Problem –
Your task is to output the listing word for word, with pictures excluded.

Recorded data –

☆ ☆ ☆ ☆ ☆ ☆ ☆

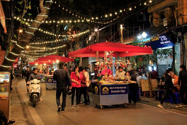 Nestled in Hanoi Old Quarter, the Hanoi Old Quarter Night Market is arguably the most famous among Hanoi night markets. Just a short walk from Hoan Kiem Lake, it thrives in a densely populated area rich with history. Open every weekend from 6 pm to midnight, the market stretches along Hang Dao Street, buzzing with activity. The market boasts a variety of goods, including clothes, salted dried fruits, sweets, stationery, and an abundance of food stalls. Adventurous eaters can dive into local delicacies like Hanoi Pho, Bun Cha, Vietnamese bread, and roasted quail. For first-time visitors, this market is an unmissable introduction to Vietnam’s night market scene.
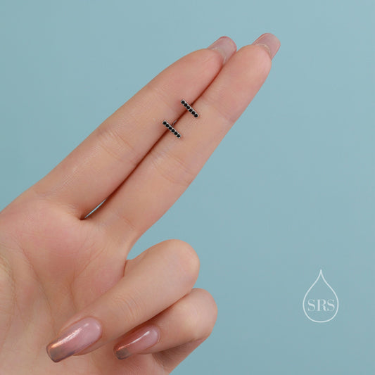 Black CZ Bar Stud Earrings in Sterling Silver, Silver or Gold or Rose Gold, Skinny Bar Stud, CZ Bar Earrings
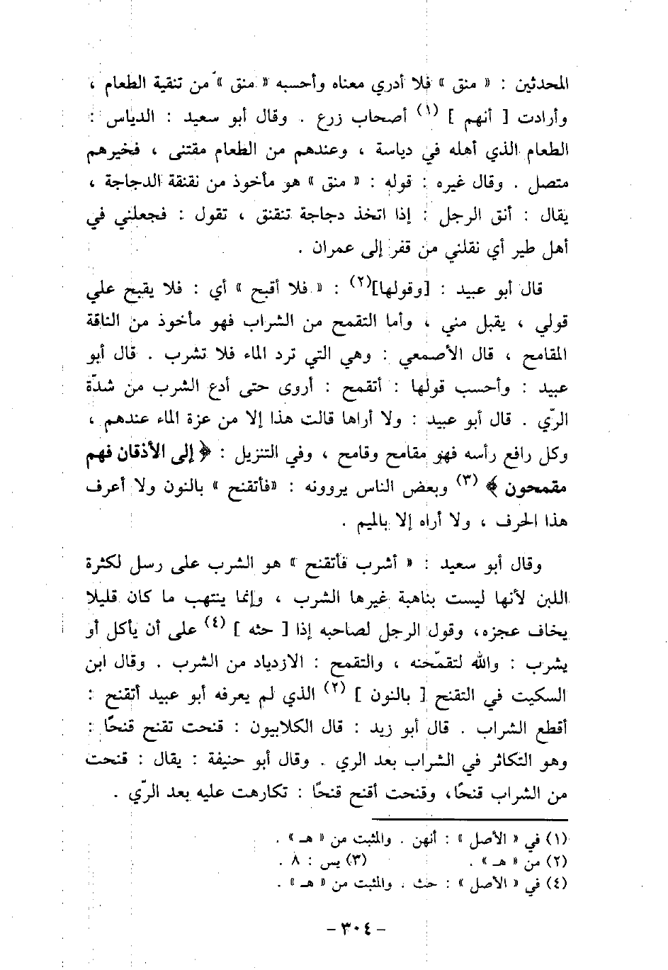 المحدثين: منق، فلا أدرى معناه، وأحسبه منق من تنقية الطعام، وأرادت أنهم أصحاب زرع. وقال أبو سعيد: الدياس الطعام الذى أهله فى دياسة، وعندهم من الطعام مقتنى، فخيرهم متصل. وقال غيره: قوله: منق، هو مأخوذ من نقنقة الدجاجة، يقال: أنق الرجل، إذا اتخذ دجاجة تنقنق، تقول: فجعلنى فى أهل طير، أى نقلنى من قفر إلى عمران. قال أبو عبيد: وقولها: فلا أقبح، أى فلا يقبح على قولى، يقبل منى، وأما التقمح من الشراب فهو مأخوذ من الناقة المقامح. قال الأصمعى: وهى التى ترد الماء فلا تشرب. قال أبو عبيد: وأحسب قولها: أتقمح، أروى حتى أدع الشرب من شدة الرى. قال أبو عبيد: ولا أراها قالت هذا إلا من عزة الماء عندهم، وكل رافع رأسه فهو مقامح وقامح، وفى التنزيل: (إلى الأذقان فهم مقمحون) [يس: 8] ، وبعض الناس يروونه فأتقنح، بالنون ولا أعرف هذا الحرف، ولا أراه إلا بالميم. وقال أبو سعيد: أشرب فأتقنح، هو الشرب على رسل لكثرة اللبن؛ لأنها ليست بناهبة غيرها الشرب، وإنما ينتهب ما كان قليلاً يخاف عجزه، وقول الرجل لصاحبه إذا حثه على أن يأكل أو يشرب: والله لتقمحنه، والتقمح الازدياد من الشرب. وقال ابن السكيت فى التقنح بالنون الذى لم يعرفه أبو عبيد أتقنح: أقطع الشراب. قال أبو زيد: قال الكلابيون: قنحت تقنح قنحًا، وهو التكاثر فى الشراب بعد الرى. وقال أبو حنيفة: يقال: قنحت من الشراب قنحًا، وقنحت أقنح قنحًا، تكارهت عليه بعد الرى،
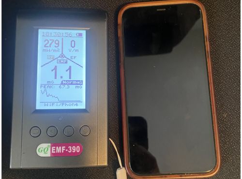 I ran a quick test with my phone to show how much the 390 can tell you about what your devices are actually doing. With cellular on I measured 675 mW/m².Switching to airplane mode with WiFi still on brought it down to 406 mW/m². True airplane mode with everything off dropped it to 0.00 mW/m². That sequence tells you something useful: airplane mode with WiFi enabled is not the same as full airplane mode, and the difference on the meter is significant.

☆ ☆ ☆ ☆ ☆ ☆ ☆

Result below –
 Nestled in Hanoi Old Quarter, the Hanoi Old Quarter Night Market is arguably the most famous among Hanoi night markets. Just a short walk from Hoan Kiem Lake, it thrives in a densely populated area rich with history. Open every weekend from 6 pm to midnight, the market stretches along Hang Dao Street, buzzing with activity. The market boasts a variety of goods, including clothes, salted dried fruits, sweets, stationery, and an abundance of food stalls. Adventurous eaters can dive into local delicacies like Hanoi Pho, Bun Cha, Vietnamese bread, and roasted quail. For first-time visitors, this market is an unmissable introduction to Vietnam’s night market scene.
 Black CZ Bar Stud Earrings in Sterling Silver, Silver or Gold or Rose Gold, Skinny Bar Stud, CZ Bar Earrings
 المحدثين: منق، فلا أدرى معناه، وأحسبه منق من تنقية الطعام، وأرادت أنهم أصحاب زرع. وقال أبو سعيد: الدياس الطعام الذى أهله فى دياسة، وعندهم من الطعام مقتنى، فخيرهم متصل. وقال غيره: قوله: منق، هو مأخوذ من نقنقة الدجاجة، يقال: أنق الرجل، إذا اتخذ دجاجة تنقنق، تقول: فجعلنى فى أهل طير، أى نقلنى من قفر إلى عمران. قال أبو عبيد: وقولها: فلا أقبح، أى فلا يقبح على قولى، يقبل منى، وأما التقمح من الشراب فهو مأخوذ من الناقة المقامح. قال الأصمعى: وهى التى ترد الماء فلا تشرب. قال أبو عبيد: وأحسب قولها: أتقمح، أروى حتى أدع الشرب من شدة الرى. قال أبو عبيد: ولا أراها قالت هذا إلا من عزة الماء عندهم، وكل رافع رأسه فهو مقامح وقامح، وفى التنزيل: (إلى الأذقان فهم مقمحون) [يس: 8] ، وبعض الناس يروونه فأتقنح، بالنون ولا أعرف هذا الحرف، ولا أراه إلا بالميم. وقال أبو سعيد: أشرب فأتقنح، هو الشرب على رسل لكثرة اللبن؛ لأنها ليست بناهبة غيرها الشرب، وإنما ينتهب ما كان قليلاً يخاف عجزه، وقول الرجل لصاحبه إذا حثه على أن يأكل أو يشرب: والله لتقمحنه، والتقمح الازدياد من الشرب. وقال ابن السكيت فى التقنح بالنون الذى لم يعرفه أبو عبيد أتقنح: أقطع الشراب. قال أبو زيد: قال الكلابيون: قنحت تقنح قنحًا، وهو التكاثر فى الشراب بعد الرى. وقال أبو حنيفة: يقال: قنحت من الشراب قنحًا، وقنحت أقنح قنحًا، تكارهت عليه بعد الرى،
 I ran a quick test with my phone to show how much the 390 can tell you about what your devices are actually doing. With cellular on I measured 675 mW/m².Switching to airplane mode with WiFi still on brought it down to 406 mW/m². True airplane mode with everything off dropped it to 0.00 mW/m². That sequence tells you something useful: airplane mode with WiFi enabled is not the same as full airplane mode, and the difference on the meter is significant.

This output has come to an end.